Any ideas how this particular project is joined? Or how I might accomplish something similar?

I supposed I could make an apron/legs where the tenon/mortises are angled.


----------



## a1Jim (Aug 9, 2008)

I like that design, I would guess that the legs are only connected to the cross members possibly with mortise and tenons and then the top is connected to the top cross member perhaps with screws that should have elongated holes to allow for wood movement.


----------



## JBrow (Nov 18, 2015)

ppg677,

From what I can see in Apanas Hall Table photos, the legs seem to angle outward only along the long dimensions (front view). The legs are parallel when viewed from the end of the table. Also the outside faces of the legs appear to be tapered.

If these observations are consistent with the design you are considering, then my approach would be to connect the rails to the front and back legs with a mortise and tenon (although a loose tenon joint could also work). The mortises and the tenons need not be angled since the legs of the end assembly are parallel to one another (when viewed from the end).

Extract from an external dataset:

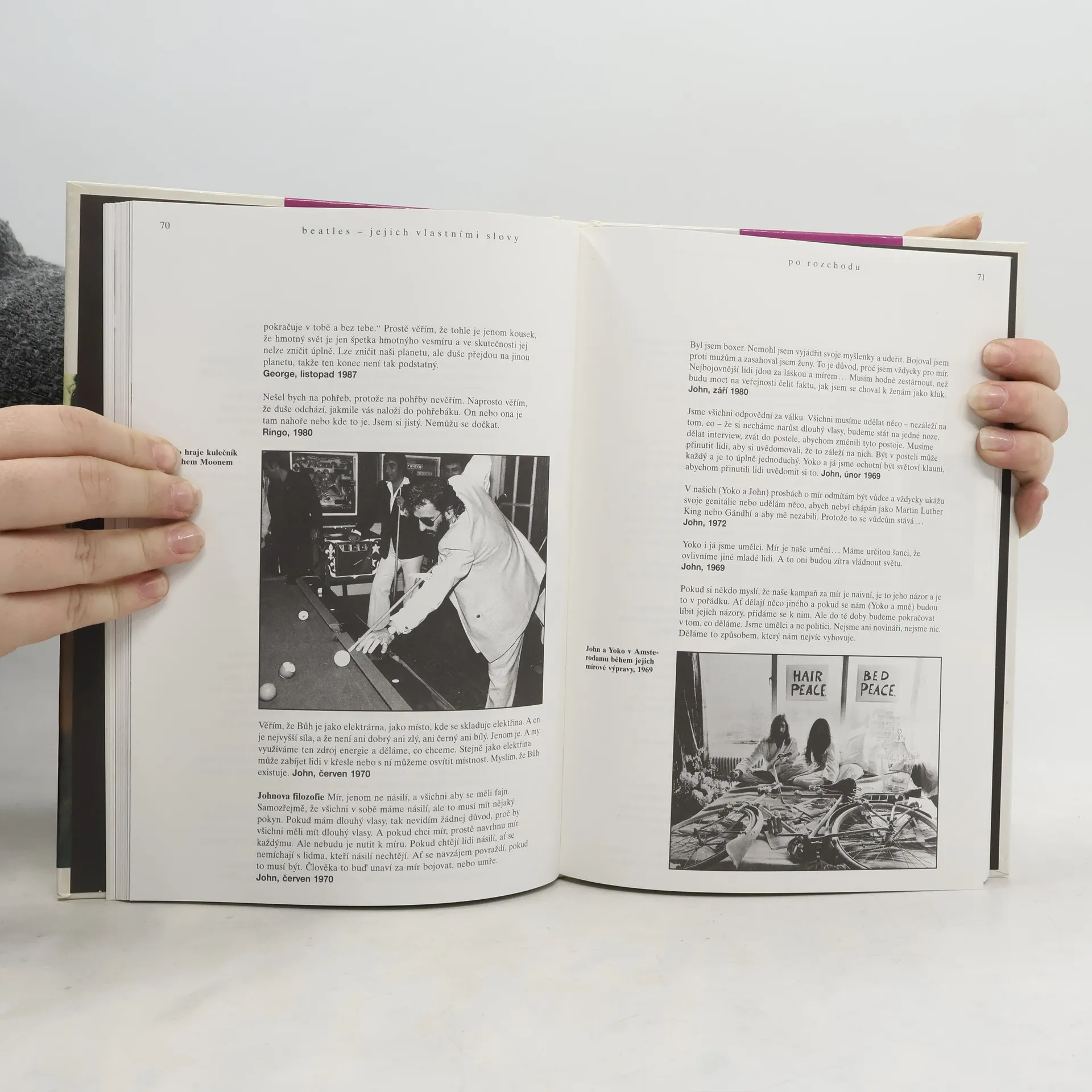 Autentické výpovědi členů skupiny Beatles, sebrané z různých zdrojů v letech 1970-1990 a sestavené do jednotících tematických celků. Jejich soubor vytváří atraktivní obraz vztahů a názorů všech čtyř legendárních osobností po jejich uměleckém rozchodu.

After the tenons are milled in the rails, the top edge of the rails would be bevel cut to the same angle as the front-viewed splay angle. The beveled top edge of the rails would then allow the top and shelf to fully seat on the rails.

The bottom edge of the rails could also be beveled to make the rail's top edge parallel to the rail's bottom edge or the bottom edge of the rail could be left as a square cut. This bottom bevel in the rail would be a design decision.

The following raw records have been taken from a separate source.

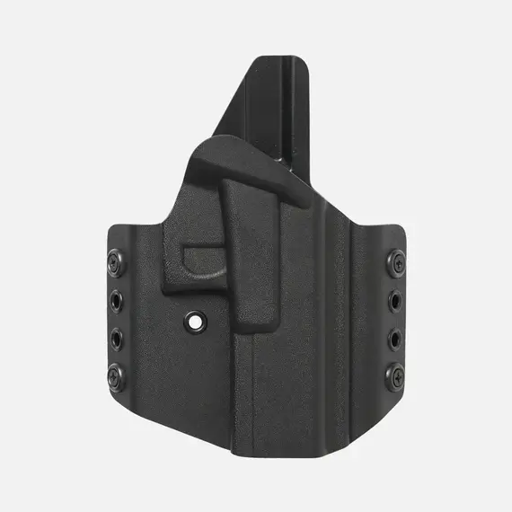 Эта прочная кобура в виде блинчика для Glock 17 предназначена для обеспечьте более дискретный и очень удобный вариант переноски.добный вариант переноски. Все возможные излишки материала были обрезаны, чтобы снизить видимость и сделать максимально комфортными такие ситуации, как длительное сидение в автомобиле. Форма чехла и его края стали более выразительными. Кобура изготовлена из натурального материала Kydex®, поэтому она не только долговечна, но и надежно удержит ваш пистолет даже при динамичных движениях. Кобура Zero Cant позволяет установить пистолет вертикально на вашем снаряжении. Мы решили заменить дюймовые винты на метрические.Кобура OWB ZERO CANT NO LIGHT совместима со всеми поколениями пистолетов Glock, включая пистолеты с оптикой и нарезными стволами.
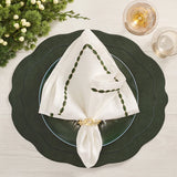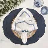 The traditional oval shape gets a modern refresh with the matte faux leather Tailored Placemat. A stylish wavy edge and embroidered tone-on-tone border detailing elevate this faux leather accessory. This hard-backed versatile placemat effortlessly adapts to both dressed-up and more laid-back settings.
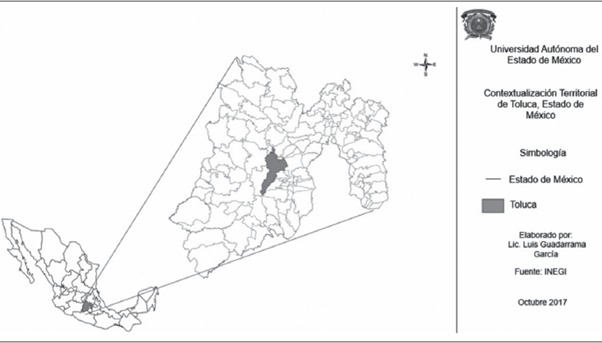 El municipio de Toluca se ubica en las coordenadas geográficas extremas 10°04' y 19°28' de latitud norte, así como 99°31'43" y 99°47' de longitud oeste del meridiano de Greenwich (ver figura 1). La altura promedio es de 2.660 m s. n. m. Cuenta con una superficie de 42.952,14 ha y con una población de 819.561 habitantes, que representa 5,40 % del total del Estado de México.

Once the mortises are cut in the legs, the legs could be tapered on the two outside faces.

After the mortises and tenons are cut, the top edges of the rails beveled, and the legs tapered, the end leg assemblies could be glued. After the glue is cured, the top and bottom of the legs can be cut to the splay angle.

Adding to a1Jim's comment, I would either the counter-bore the oversized or elongated holes so the screws that hold to shelf and top place would be hidden.

The last thing would ensure is that the shelf, which would be sandwiched between the front and back legs, is made narrow enough so that it has room to expand without pushing out on the legs.

If, on the other hand, you wish to splay the legs in both directions, front to back and side to side, the mortises and tenons would need to be angled. In this case, loose tenon joinery could perhaps simplify construction a little bit. If the legs are splayed front to back and side to side, a lap joint could also be used to join the legs and rails, but this joint, while straightforward, would dramatically affect the look of the table.


----------